Why:
- POST /v1/files was reporting chunks_indexed=0/points_created=0 unconditionally
— chunks were parsed and embedded but never written to Qdrant, so nothing
was actually searchable after upload.
Changes:
- upload_source_file() now calls index_chunks() after embedding, inside the
same INGESTION_TIMEOUT_SECONDS window, and marks the job failed
(error_code=index_failed, 502) if it raises.
- Job counters (points_created, points_soft_deleted) and the response's
chunks_indexed now reflect the real indexing result instead of a hardcoded
zero.
- Wired PointStorage through AppResources/lifespan/the files router.
Impact:
- A successful upload is now searchable in Qdrant by the time 201 returns.
Why:
- Ingested chunks need to become searchable Qdrant points before the upload
response returns, with tenant/domain isolation and a safe re-ingestion
story per ADR-0001/0017.
Changes:
- src/application/points/: index_chunks() is the sole entry point, owning
payload construction, batched/bounded-concurrency upserts
(upsert_concurrency semaphore), and a soft-delete sweep for points a
shorter re-ingestion leaves behind. The sweep runs only after every upsert
in the attempt succeeds, so a failed attempt can leave a stale prefix but
never removes content from a working index.
- PointStorage port (application/ports/) + QdrantPointStorage adapter
(infrastructure/qdrant/points.py), keeping the qdrant_client SDK out of
application code per ADR-0015.
- FakePointStorage test double for exercising the ordering/idempotency
guarantees without a real Qdrant.
Why:
- ADR-0001's Qdrant payload records embedding_model_version so a future model
swap can identify which chunks need re-embedding. The embedder is what
knows which model produced its vectors, so it reports this rather than the
call site reconstructing it from settings.
Changes:
- DenseEmbedder/SparseEmbedder protocols gain a model_version: str attribute.

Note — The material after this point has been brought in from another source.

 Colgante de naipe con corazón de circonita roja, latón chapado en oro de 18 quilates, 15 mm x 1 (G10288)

- OpenAICompatibleEmbedder reports its configured model; Bm25SparseEmbedder
reports its analyzer (bm25-<analyzer>).
Why:
- Plan 001 Phase 4 needs batched, concurrency-bounded embedding wired into
the inline upload path, with process-wide capacity/timeout/chunk-limit
guards (ADR-0017).
- The BM25 analyzer and dense-model config are ported from the `emet`
evaluation lab, which benchmarked them against the real Farsi corpus
(bm25-fa-norm-stop; nomic-embed-text-v2-moe at 768-dim; text-embedding-3-large
at native 3072-dim), closing open items in ADR-0001/ADR-0005.
Changes:
- New: embedding ports, orchestration (embed_chunks), request-bounds
helpers, and dense/sparse adapters (analyzers.py, bm25.py,
openai_compatible.py).
- upload.py now parses/chunks/embeds inline behind INGESTION_MAX_CONCURRENCY
(503), INGESTION_TIMEOUT_SECONDS (504), and the chunk-count ceiling (413);
every failure path still writes a terminal job row.
- Lifespan builds and warms both dense embedders at startup (fail-soft) and
creates the sparse embedder and concurrency semaphore.

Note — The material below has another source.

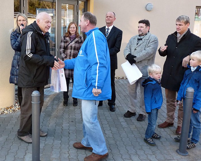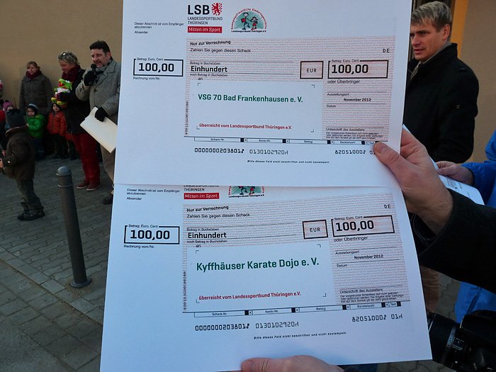 Der Präsident des Thüringer Landessportbundes, Peter Gösel, übergab heute einen Scheck in Höhe von 100 Euro an den SV Blau-Weiß 91 Bad Frankenhausen e.V., den Sportfreund Ralf Töppe überreicht bekam. Aber auch zwei andere Vereine konnte sich über eine Zuwendung freuen.

- httpx moves from dev to main dependencies (adapters use it directly).
Impact:
- Qdrant point upserts are still Phase 5 -- chunks_indexed stays 0.

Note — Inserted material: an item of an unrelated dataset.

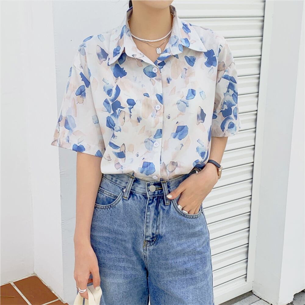 トップス 韓国ファッション アート柄シャツ シャツカーディガン レディース 薄手 サラリ Vネック

- New EMBEDDING_* env vars documented in .env.example; safe defaults.
Co-Authored-By: Claude Sonnet 5 <noreply@anthropic.com>
Why:
- Implements plan 001 Phase 3's upload orchestration.
Changes:
- ObjectStorage port and MinIO adapter, thread-offloaded per ADR-0017.
- Tenant-scoped repositories for api_keys, source_files, ingestion_jobs.
- upload_source_file implementing the two-transaction shape with
(tenant_id, domain, content_sha256) idempotency.
Impact:
- This phase stores bytes only -- chunks_indexed is always 0 until
Phase 4/5 add parsing/embedding.
Why:
- The package exposed 8 modules directly, pushing source-type dispatch and
the ADR-0017 thread-offload obligation onto every caller.
Changes:
- Add parse_and_chunk_document as the sole public entry point.
- Demote the individual parsers to internal/test-only.
Adds src/application/ingestion/ -- Persian normalization, DOCX body
walk with structural data/layout table classification, CSV/XLSX row
rendering, and fixed-size token chunking (cl100k_base, 400/60/512) --
as pure functions per ADR-0015, tested against real production
documents (asia_data_sample, kept out of the repo). ADR-0018 records
where this diverges from ADR-0004 (fixed-size default, no invented
headings/tree, structural table classification, header-provable
labeling only). Plan 001's scope line is corrected from CSV-only to
DOCX/XLSX/CSV, and CLAUDE.md's stale project-status paragraph is
updated to match current implementation state.